--- MATERIAL FOR THIS EXERCISE ---

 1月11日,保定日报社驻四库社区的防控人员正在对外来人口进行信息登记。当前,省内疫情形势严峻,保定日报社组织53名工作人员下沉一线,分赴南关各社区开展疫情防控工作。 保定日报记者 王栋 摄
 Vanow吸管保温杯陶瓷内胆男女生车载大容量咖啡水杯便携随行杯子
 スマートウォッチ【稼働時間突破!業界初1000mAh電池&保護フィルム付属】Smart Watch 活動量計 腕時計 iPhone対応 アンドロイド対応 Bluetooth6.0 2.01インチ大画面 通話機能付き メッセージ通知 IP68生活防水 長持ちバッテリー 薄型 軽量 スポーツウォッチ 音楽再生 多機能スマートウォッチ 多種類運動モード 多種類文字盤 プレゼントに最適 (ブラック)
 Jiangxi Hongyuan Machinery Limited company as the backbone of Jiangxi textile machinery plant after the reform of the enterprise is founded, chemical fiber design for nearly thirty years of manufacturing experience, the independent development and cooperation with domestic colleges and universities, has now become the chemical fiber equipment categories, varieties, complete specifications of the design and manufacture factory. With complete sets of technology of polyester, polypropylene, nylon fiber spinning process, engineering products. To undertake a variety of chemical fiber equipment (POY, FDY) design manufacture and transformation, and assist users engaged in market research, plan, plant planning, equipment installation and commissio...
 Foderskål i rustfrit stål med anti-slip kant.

---
--- MATERIAL FOR THIS EXERCISE ---

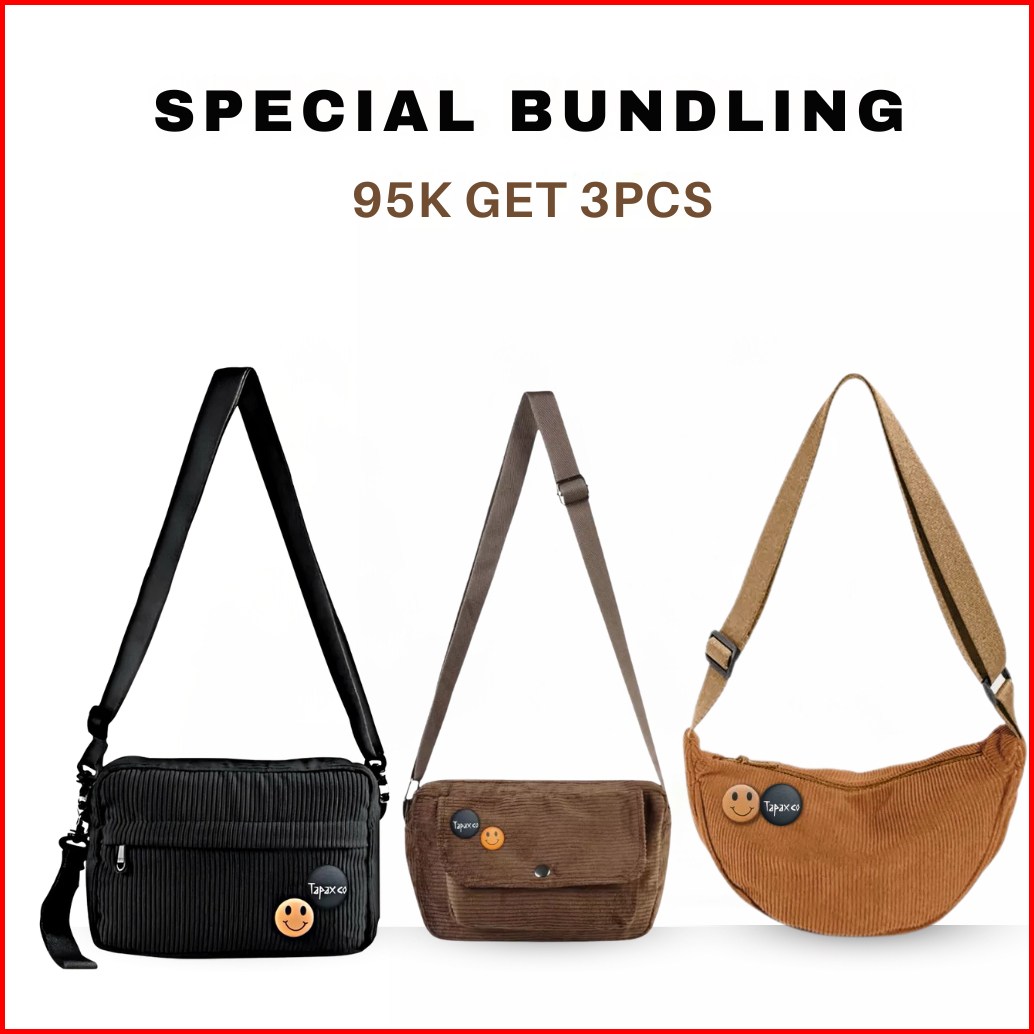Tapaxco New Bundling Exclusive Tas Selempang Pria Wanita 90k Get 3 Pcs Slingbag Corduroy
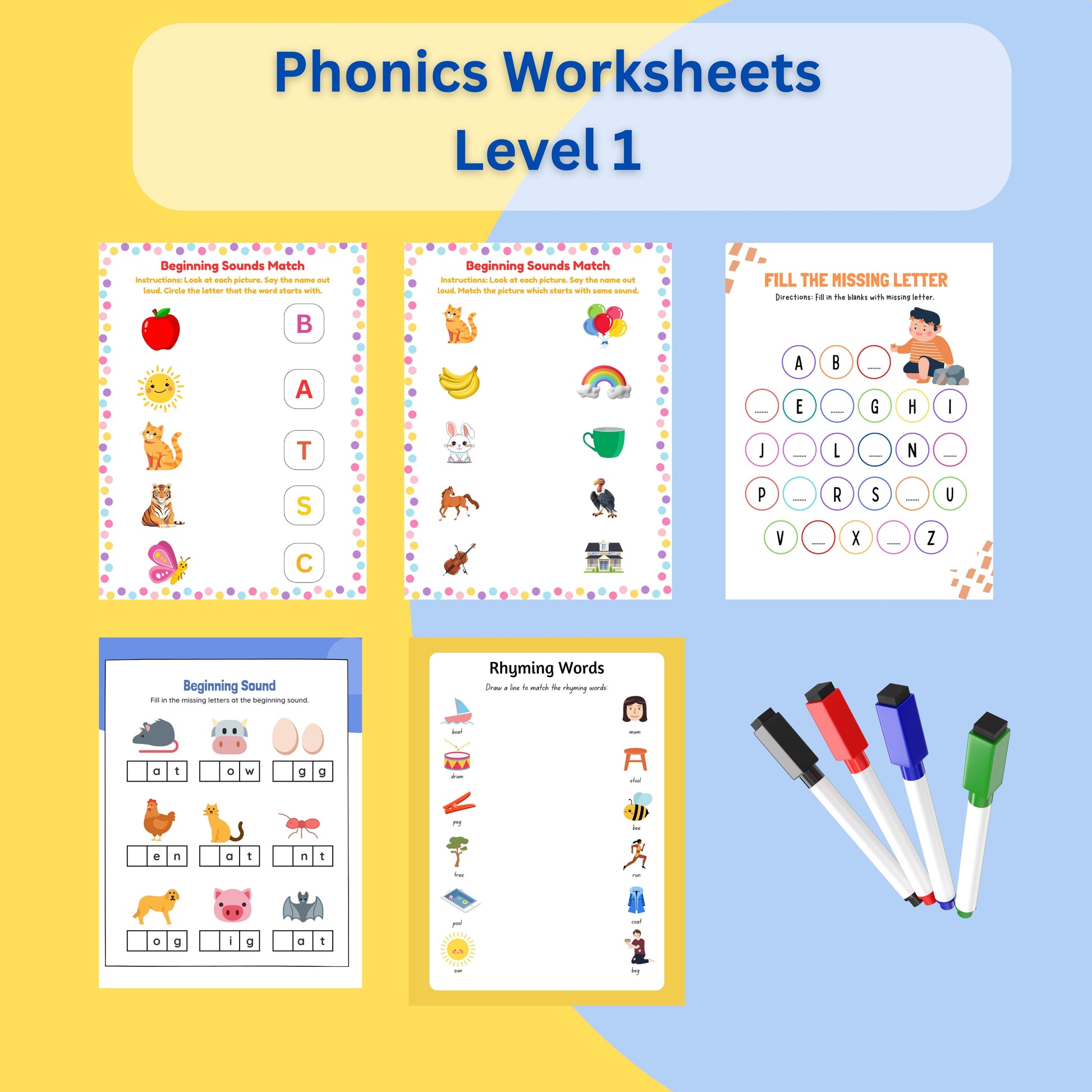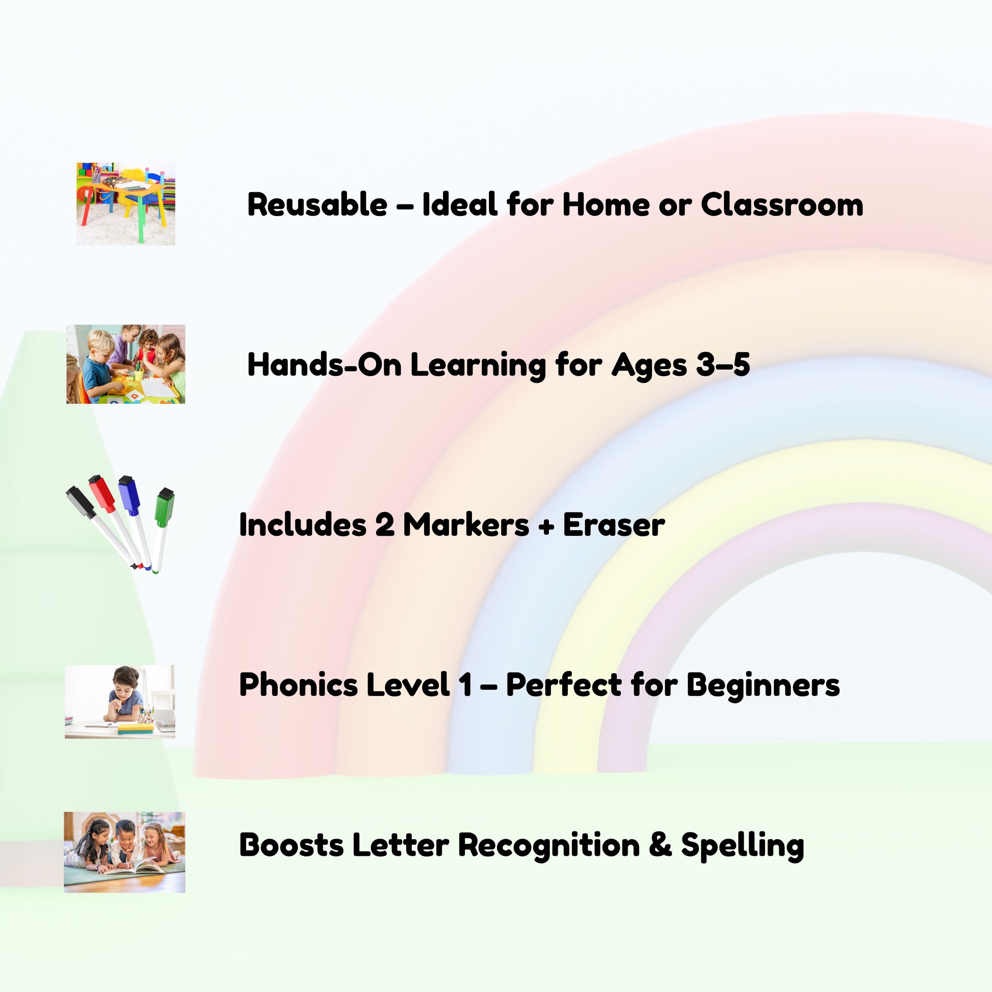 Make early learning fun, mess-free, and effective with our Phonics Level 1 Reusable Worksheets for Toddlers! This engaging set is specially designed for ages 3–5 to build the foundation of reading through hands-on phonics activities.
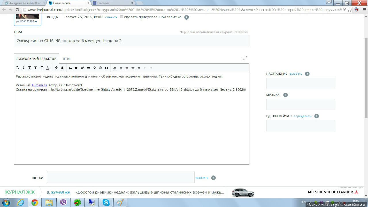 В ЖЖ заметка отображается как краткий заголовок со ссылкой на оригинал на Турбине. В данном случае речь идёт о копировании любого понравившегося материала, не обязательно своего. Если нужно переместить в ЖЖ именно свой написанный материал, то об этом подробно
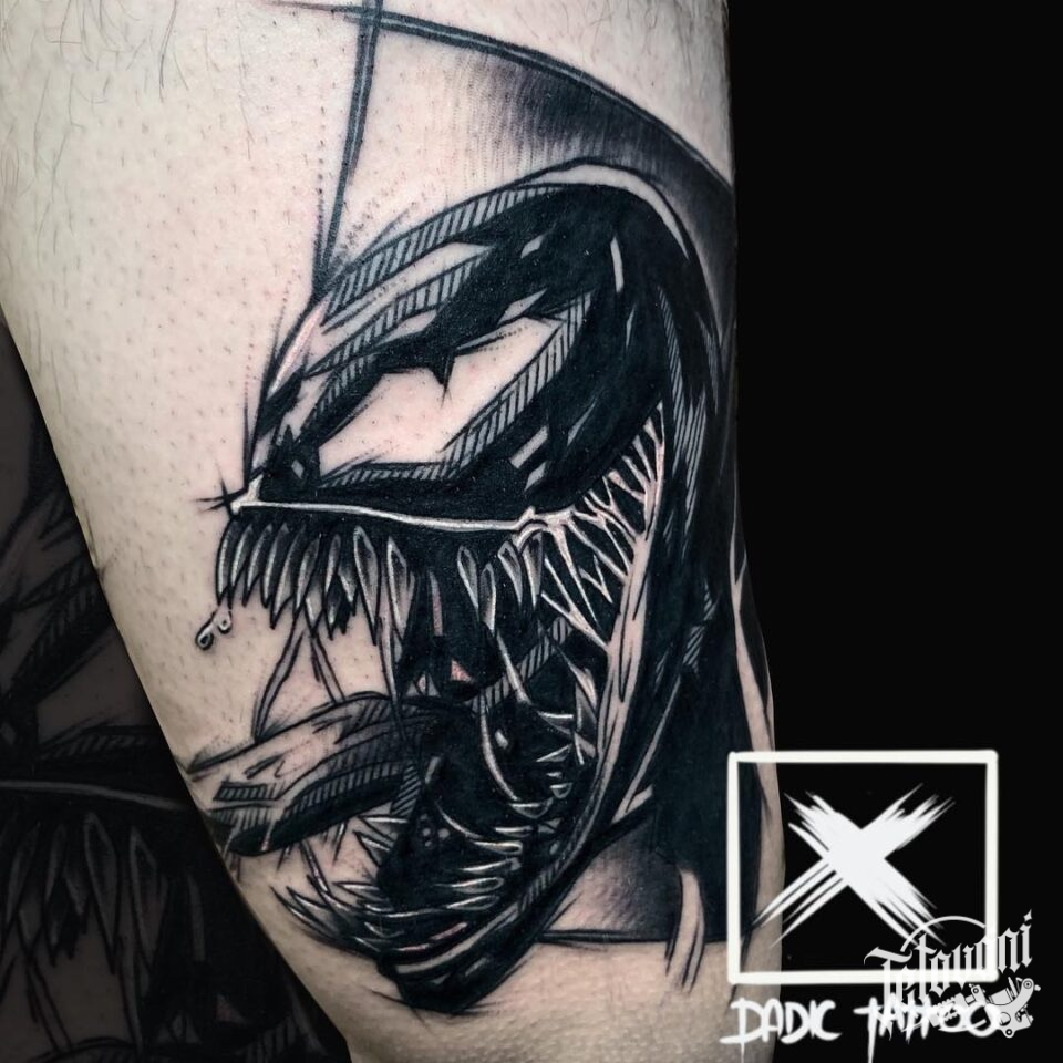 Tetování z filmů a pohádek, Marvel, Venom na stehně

---
--- MATERIAL FOR THIS EXERCISE ---

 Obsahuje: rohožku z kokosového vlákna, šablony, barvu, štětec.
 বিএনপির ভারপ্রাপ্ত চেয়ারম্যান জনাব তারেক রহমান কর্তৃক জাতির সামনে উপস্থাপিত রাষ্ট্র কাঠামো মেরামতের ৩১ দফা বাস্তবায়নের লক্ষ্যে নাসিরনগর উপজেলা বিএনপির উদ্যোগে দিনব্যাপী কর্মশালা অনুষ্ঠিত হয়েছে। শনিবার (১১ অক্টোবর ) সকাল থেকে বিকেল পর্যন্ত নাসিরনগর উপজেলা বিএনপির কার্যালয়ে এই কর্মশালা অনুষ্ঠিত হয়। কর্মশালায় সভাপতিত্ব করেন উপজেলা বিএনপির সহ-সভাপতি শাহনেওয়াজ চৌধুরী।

---

What you return should be exactly the lines above, starting at the one with "保定日报记者 王栋 摄" and ending at the one with "スマートウォッチ【稼働時間突破!業界初1000mAh電池&保護フィルム付属】Smart Watch 活動量計", and nothing else.

 1月11日,保定日报社驻四库社区的防控人员正在对外来人口进行信息登记。当前,省内疫情形势严峻,保定日报社组织53名工作人员下沉一线,分赴南关各社区开展疫情防控工作。 保定日报记者 王栋 摄
 Vanow吸管保温杯陶瓷内胆男女生车载大容量咖啡水杯便携随行杯子
 スマートウォッチ【稼働時間突破!業界初1000mAh電池&保護フィルム付属】Smart Watch 活動量計 腕時計 iPhone対応 アンドロイド対応 Bluetooth6.0 2.01インチ大画面 通話機能付き メッセージ通知 IP68生活防水 長持ちバッテリー 薄型 軽量 スポーツウォッチ 音楽再生 多機能スマートウォッチ 多種類運動モード 多種類文字盤 プレゼントに最適 (ブラック)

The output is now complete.